### WORK ORDER
Please copy out the entries below exactly, beginning with the line that contains "The intricate details" and ending with the line that contains "Figure 8: Public", and include nothing outside that span.

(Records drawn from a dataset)
Segment Open

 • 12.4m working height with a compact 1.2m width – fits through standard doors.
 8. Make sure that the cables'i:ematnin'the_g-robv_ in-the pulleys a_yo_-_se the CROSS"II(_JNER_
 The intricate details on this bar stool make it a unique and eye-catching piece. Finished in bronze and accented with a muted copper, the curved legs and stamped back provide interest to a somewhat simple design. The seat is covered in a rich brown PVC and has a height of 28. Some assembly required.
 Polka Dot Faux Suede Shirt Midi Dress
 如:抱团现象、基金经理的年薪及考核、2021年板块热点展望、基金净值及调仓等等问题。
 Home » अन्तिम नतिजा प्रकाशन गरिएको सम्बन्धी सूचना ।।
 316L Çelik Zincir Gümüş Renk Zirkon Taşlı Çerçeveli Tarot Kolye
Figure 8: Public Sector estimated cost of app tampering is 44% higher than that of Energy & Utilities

Segment Closed
Segment Open

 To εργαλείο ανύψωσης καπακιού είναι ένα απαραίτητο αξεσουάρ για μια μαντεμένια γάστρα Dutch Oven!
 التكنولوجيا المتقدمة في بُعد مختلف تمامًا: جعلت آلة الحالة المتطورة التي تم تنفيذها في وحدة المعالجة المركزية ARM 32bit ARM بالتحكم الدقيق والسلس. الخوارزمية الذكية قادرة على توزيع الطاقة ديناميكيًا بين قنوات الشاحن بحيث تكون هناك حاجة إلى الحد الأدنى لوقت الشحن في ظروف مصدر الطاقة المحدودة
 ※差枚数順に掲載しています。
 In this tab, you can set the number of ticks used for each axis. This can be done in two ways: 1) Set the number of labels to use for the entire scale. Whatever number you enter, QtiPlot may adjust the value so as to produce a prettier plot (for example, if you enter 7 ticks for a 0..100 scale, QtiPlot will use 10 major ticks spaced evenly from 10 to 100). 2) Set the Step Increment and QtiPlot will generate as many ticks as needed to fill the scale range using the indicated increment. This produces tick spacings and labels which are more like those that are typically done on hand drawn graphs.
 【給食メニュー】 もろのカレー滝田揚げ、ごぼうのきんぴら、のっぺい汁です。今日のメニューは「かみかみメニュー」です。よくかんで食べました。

Segment Closed

### THE COMPLETED TASK
 The intricate details on this bar stool make it a unique and eye-catching piece. Finished in bronze and accented with a muted copper, the curved legs and stamped back provide interest to a somewhat simple design. The seat is covered in a rich brown PVC and has a height of 28. Some assembly required.
 Polka Dot Faux Suede Shirt Midi Dress
 如:抱团现象、基金经理的年薪及考核、2021年板块热点展望、基金净值及调仓等等问题。
 Home » अन्तिम नतिजा प्रकाशन गरिएको सम्बन्धी सूचना ।।
 316L Çelik Zincir Gümüş Renk Zirkon Taşlı Çerçeveli Tarot Kolye
Figure 8: Public Sector estimated cost of app tampering is 44% higher than that of Energy & Utilities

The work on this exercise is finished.